Prof. Kirsten Reese

Kurzvita

Kirsten Reese studierte Flöte, elektronische Musik und Komposition in Berlin und in New York. Als Komponistin und Klangkünstlerin komponiert und produziert sie Werke für elektronische Medien und Instrumente sowie für intermediale und interaktive Installationen. Eine hervorgehobene Rolle in ihrer Arbeit spielen raum- und wahrnehmungsbezogene sowie performative und narrative Aspekte.

Seit 2005 unterrichtet Kirsten Reese Komposition und elektronische Klanggestaltung an der Universität der Künste Berlin, seit 2012 als Gastprofessorin. Von 2007 bis 2009 war sie Gastprofessorin für Künstlerische Transformationsprozesse, gemeinsam mit den Künstlerinnen und Wissenschaftlerinnen der Gruppe Stille Post. 2011 unterrichtete sie im Studiengang Musik und Medienkunst an der Hochschule der Künste Bern.

Kirsten Reese ist Mitglied der künstlerischen Leitung der KlangKunstBühne der UdK Berlin sowie Mitglied des Beirats des Studium Generale.
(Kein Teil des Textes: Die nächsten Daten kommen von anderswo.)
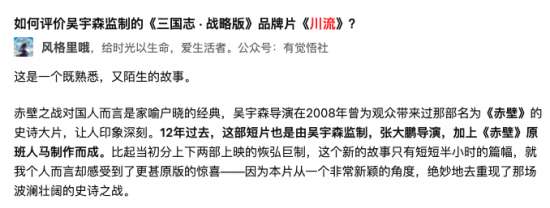 作为一部品牌片,《川流》独具匠心的制作、值得深度解读的剧情和精益求精、细微之处见真章的影游联动属性都很好地树立了一个行业标杆,具有相当的行业影响力,为电影的形式探索了更多全新的可能性。期待《三国志·战略版》新赛季能够给新老玩家更多惊喜。

In den vergangenen Jahren bildeten Kompositionen, temporäre Installationen und Audiowalks für Landschaften und den urbanen Außenraum Schwerpunkte ihrer Arbeit, wie z. B. „KlangBallon” (2010) für Instrumente, mobile Lautsprecher, Sensordaten und drei Trompeter im Heißluftballon oder „no voice audible but that of the sea on the far side” (2013), eine Klanginstallation in einem schalldämpfenden Zylinder im Aarhuser Hafen. Ein weiterer Schwerpunkt lag bei der Klanggestaltung für Theaterinszenierungen in Zusammenarbeit mit dem Regisseur Enrico Stolzenburg. Die szenische Komposition „KSH” für Flügel, elektronische Zuspiele, installierte Lautsprecher und Objekte wurde 2014 von dem Pianisten Klaus-Steffes Höllander uraufgeführt. Ihr Interesse für die Kontextualisierung von Medien, Mediengeschichte und elektronischer Komposition spiegelt sich in der Instrumentalkomposition für den historischen Fairlight Synthesizer bzw. Sampler und E-Gitarre wider („the lightest words had the weight of oracles”, 2014).

Kirsten Reese erhielt zahlreiche Stipendien und Preise, u. a. Stiftung Kulturfonds 2001, Cité des Arts Paris 2005/06, Villa Aurora Los Angeles 2009, Nominierung/Sonderpreis Deutscher Klangkunstpreis 2010. Ihre Arbeiten wurden international bei Ausstellungen und auf Festivals gezeigt, u. a. während der Donaueschinger Musiktage 2006/2013, auf dem Festival Rümlingen 2007/2010, beim MIBEM Festival Melbourne 2008, beim Borealis Festival Bergen 2009, bei den Wittener Tagen für neue Kammermusik 2011, beim SPOR Festival Aarhus 2013, beim Festival attaca 2014. 2010 erschien im Wolke Verlag der Katalog „Medien Klang Konstellationen”.